As they drew nearer his heart sank. Rosie looked so different in her smart black suit and court shoes. Her cloud of blonde curls was brushed neatly to frame her oval face. Her expression was tense and to Sam she seemed like a stranger, elegant, aloof, typical of the way Sam thought of the gentry. He didn’t know how hard Rosie was struggling to keep her emotions under control to get through this ordeal of greeting everyone as her mother had insisted they must. As he drew close, Sam saw
she was thinner and he thought he glimpsed a vulnerable look in her blue eyes as she met his gaze. His heart contracted. He longed to hold her and comfort her but her greeting was brief and polite and he thought he must have imagined that fleeting look of need. Only when she saw Tania did Rosie show any reaction.
‘Save a seat for me at your table,’ she whispered. Tania was startled. ‘Are you sure?’ she asked, casting an uncertain glance towards Catherine. Although he was not greeting everyone Lindsay was hovering nearby and he stepped forward.
‘Yes, keep a seat for her, Tania. I will look after Catherine, Rosie has done more than her duty. She needs her own friends from now on.’
‘Alex wanted to be here but he has an oral examination as part of his finals today,’ Tania said.
‘There will be other days.’ Lindsay gave a faint smile and stepped back to his former position.
‘They’re lucky to have your father’s help and support,’ Tania said to Avril when she reached the table where she and Dean and the twins were already seated.
‘Yes. He and Catherine are only half cousins but he is the only relative she has. He has been staying up here at Langton Tower for the past few days,’ Avril said. ‘He says Rosie has shown tremendous strength but he fears the reaction will set in once today is over. She has bottled up her own feelings. She has handled everything, including hiring the new chef, the staff and the funeral arrangements, but my father says she’s as tense a fiddle string.’

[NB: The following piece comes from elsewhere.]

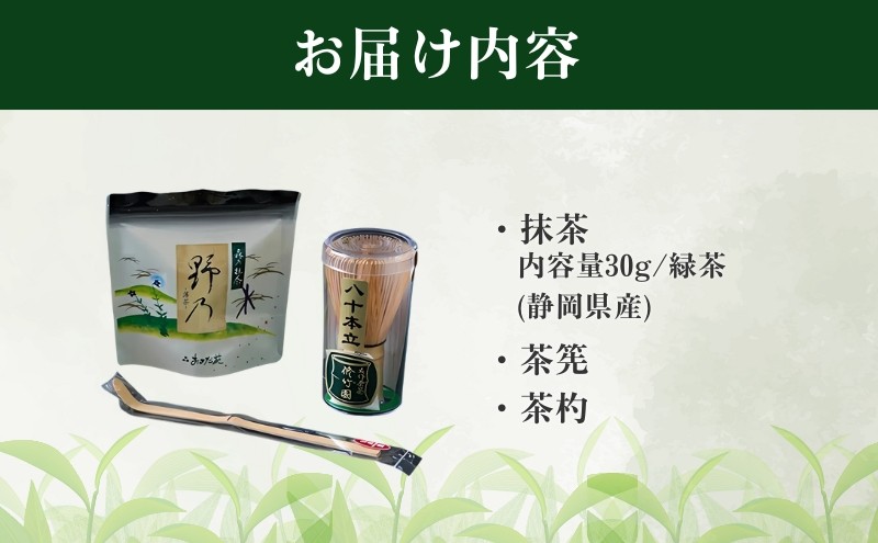 | 容量 | 抹茶:内容量30g/緑茶(静岡県産) 茶筅:中国製 茶杓:国産 |

‘Poor Rosie,’ Tania sympathized. ‘She will miss her father. They had grown very close.’
‘How could anyone not love Rosie with her beaming smile and pretty face. I suppose he forgot the stiff upper and showed his feelings.’ Avril said. ‘Catherine has always given me the impression she considered it a weakness to show emotion but Rosie must often have longed for a little tenderness. No wonder she spent all her spare time at Bengairney with your family, Tania.’